Life in Retirement: The 1950s vs. Today

What was retirement like in the 1950s versus retirement today?
What was retirement like in the 1950's versus retirement today?
What was retirement like in the 1950s versus retirement today?

Retirement in the 1950s was a much different experience than it is today. Everything in America was booming during this time. After the end of WWII, the introduction of the G.I. Bill in 1944 gave many benefits to soldiers when they returned home from the war. Those benefits included low-cost loans to start a business, mortgage help, tuition and living expenses for college, and unemployment benefits for a year.

This made it very easy for a veteran to start a business, buy a home, go to school, and have support if they needed assistance in any of these areas. Less than 20% of the veterans needed unemployment benefits, as most found jobs or went to school. Around 8 million veterans went to school using these benefits, many started their own businesses, and millions used these benefits to buy a home. The G.I. Bill program helped many in the 1950s to achieve their personal, professional, and retirement goals.

Single Versus Double Worker Families

Many women, who stayed in America, worked during WW II to support the war effort. When the soldiers came home, some single women continued working. However, most went back to home-keeping roles if they got married, which was the tradition at that time. Infoplease notes that 29.6% of the workforce was female during the 1950s. The cost of living in America was low enough during that time to make it possible for a single worker, usually the man, to earn enough to provide for an entire family. This meant upon reaching retirement age, only the man had to quit his job. A comparison to contemporary times shows that married men have an employment rate of 92.7% and married women 74.8%, as reported by the Bureau of Labor Statistics. This means that in the vast majority of American families, both parents are working. When two people are working, this affects retirement decisions and can either delay or expand time in retirement.

Social Security Was Rock Solid

The Social Security Trust Fund was solvent and not running at a deficit. This meant that retirees in the 1950s had no fear whatsoever that their Social Security benefits would stop. During that time, many more workers were paying Social Security taxes than those receiving Social Security benefits. It was not until the mid-1970s that the Social Security Trust Fund began showing annual deficits. The annual deficits have continued since then. Just Facts indicates that under current entitlement rules, without any changes made, the existing Social Security Trust Fund will be completely depleted by 2033.

Retirement in the 1950s Was Less Expensive

Retirement was easier because of the fact that most retirees were also veterans. Veterans had access to government-supported health care, so that cost was non-existent. It was possible to live on Social Security benefits in a modest way and not suffer. Most simply stayed in their own homes for retirement.

In modern times, Social Security benefits average $1,232 per month according to the Social Security Administration. This is equivalent to $14,784 per year. The Institute for Research on Poverty reports the threshold of poverty in America for a household containing persons over the age of 65 is $14,326 per year. Many Americans currently receiving Social Security benefits are living in poverty or close to it. It was far easier to retire and have a decent life during the 1950s than it is today.
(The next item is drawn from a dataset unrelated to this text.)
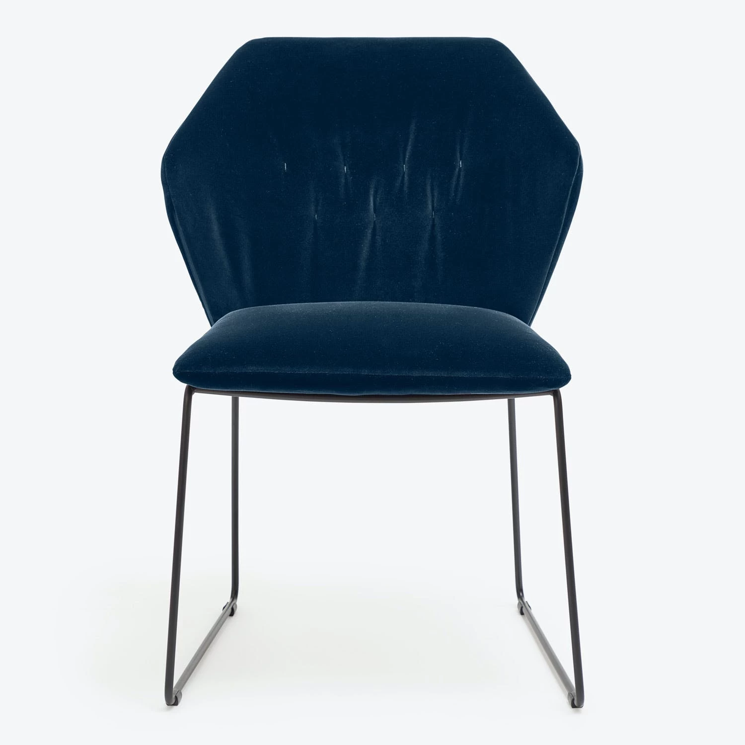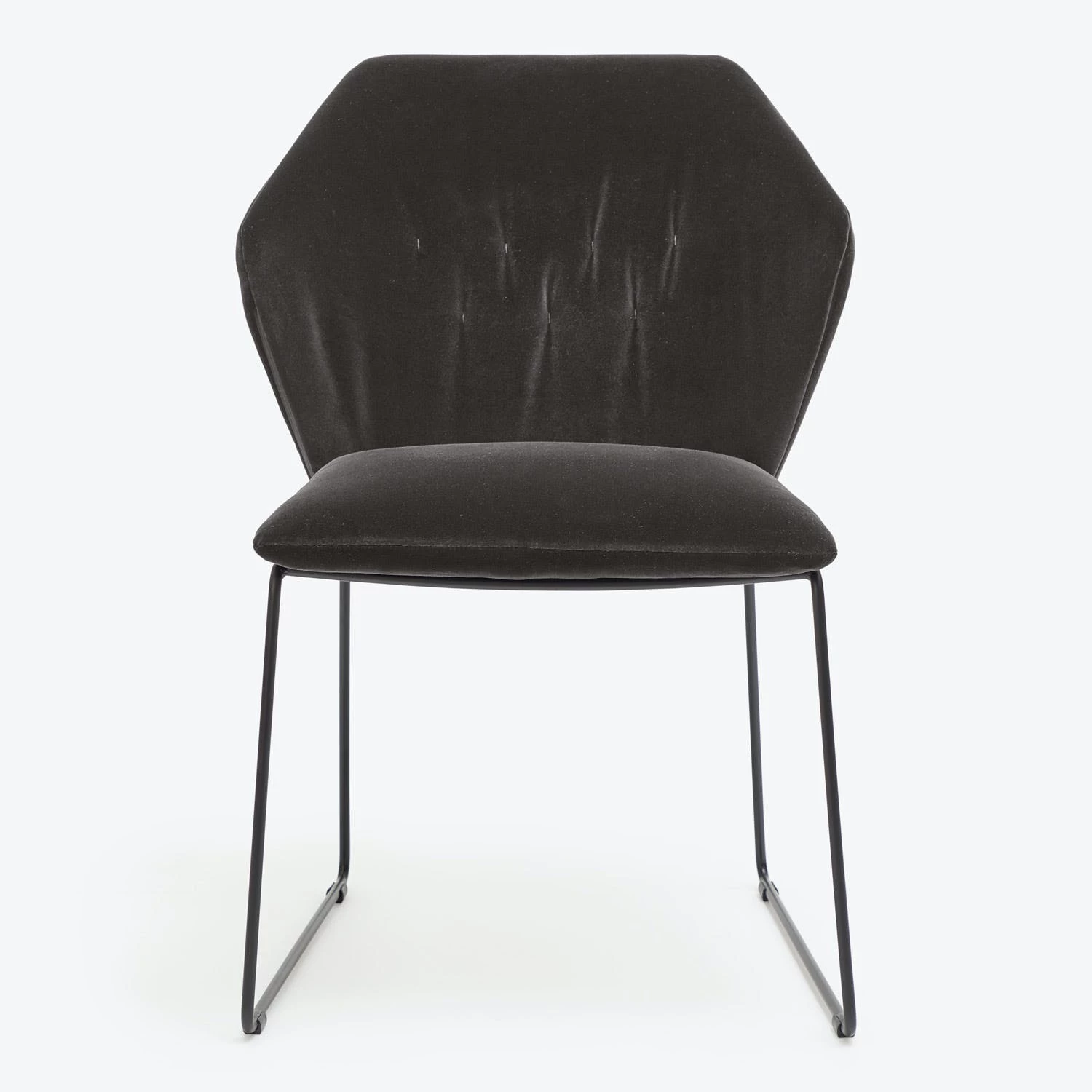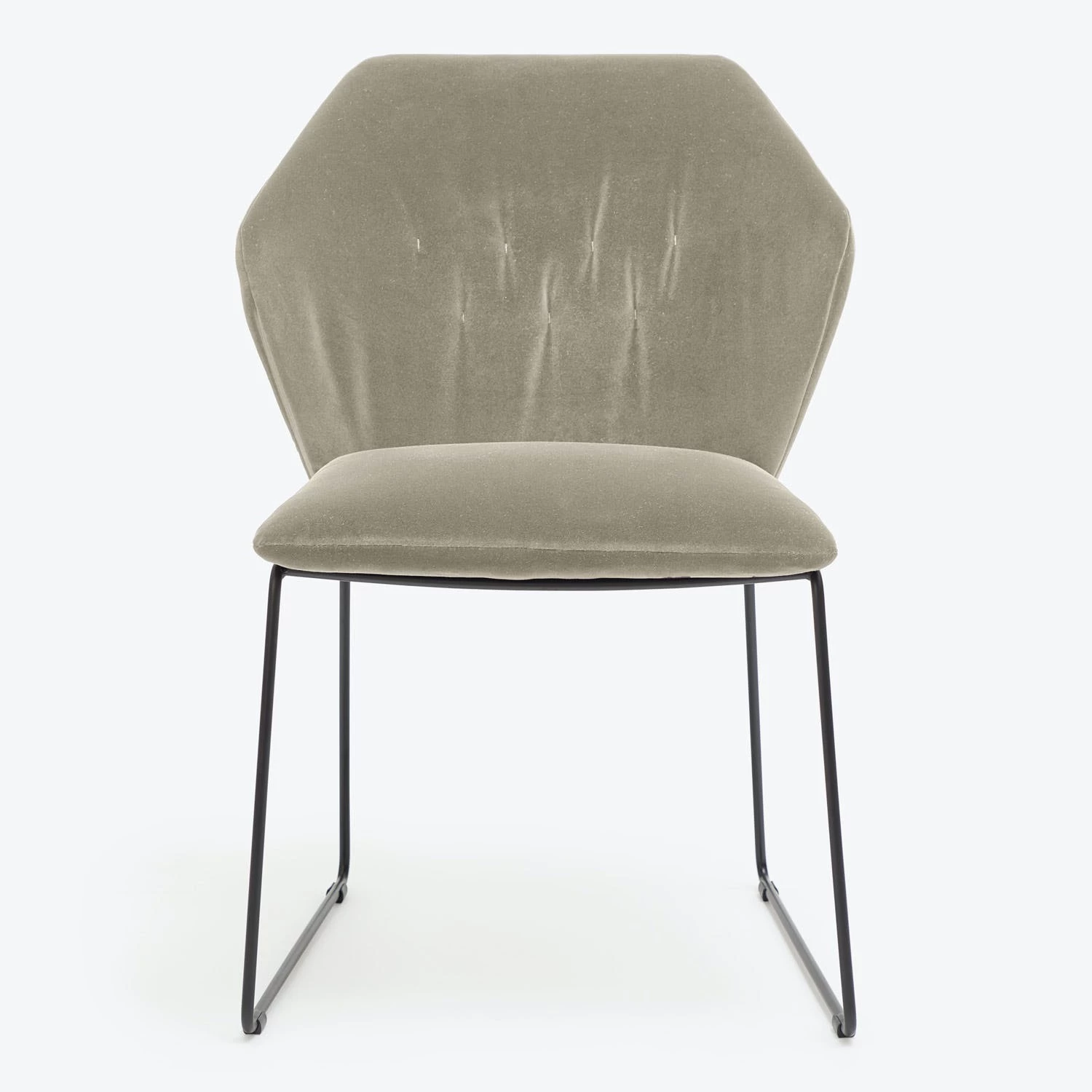 The dining chair counterpoints romantic plush velvet with a sleek metal frame. The geometric form is softened by a padded seat and back. Exclusively ours, handmade in Italy. Shop the entire Saba collection available at abc. Complete with a removable slipcover for easy cleaning or changing up your look, this piece makes light work of dining and entertaining.

Life was simpler and less expensive. There was predictability in receiving Social Security retirement benefits, which is uncertain today. The benefits were enough to support a modest retirement. Retirement today requires much more attention and strategic planning than in it did during the 1950s. Downsizing is one option, even for wealthier older adults. Many are choosing to move to age-restricted communities or active adult communities, perhaps selling their larger home, and choosing to move into a smaller condominium in a community with nice amenities.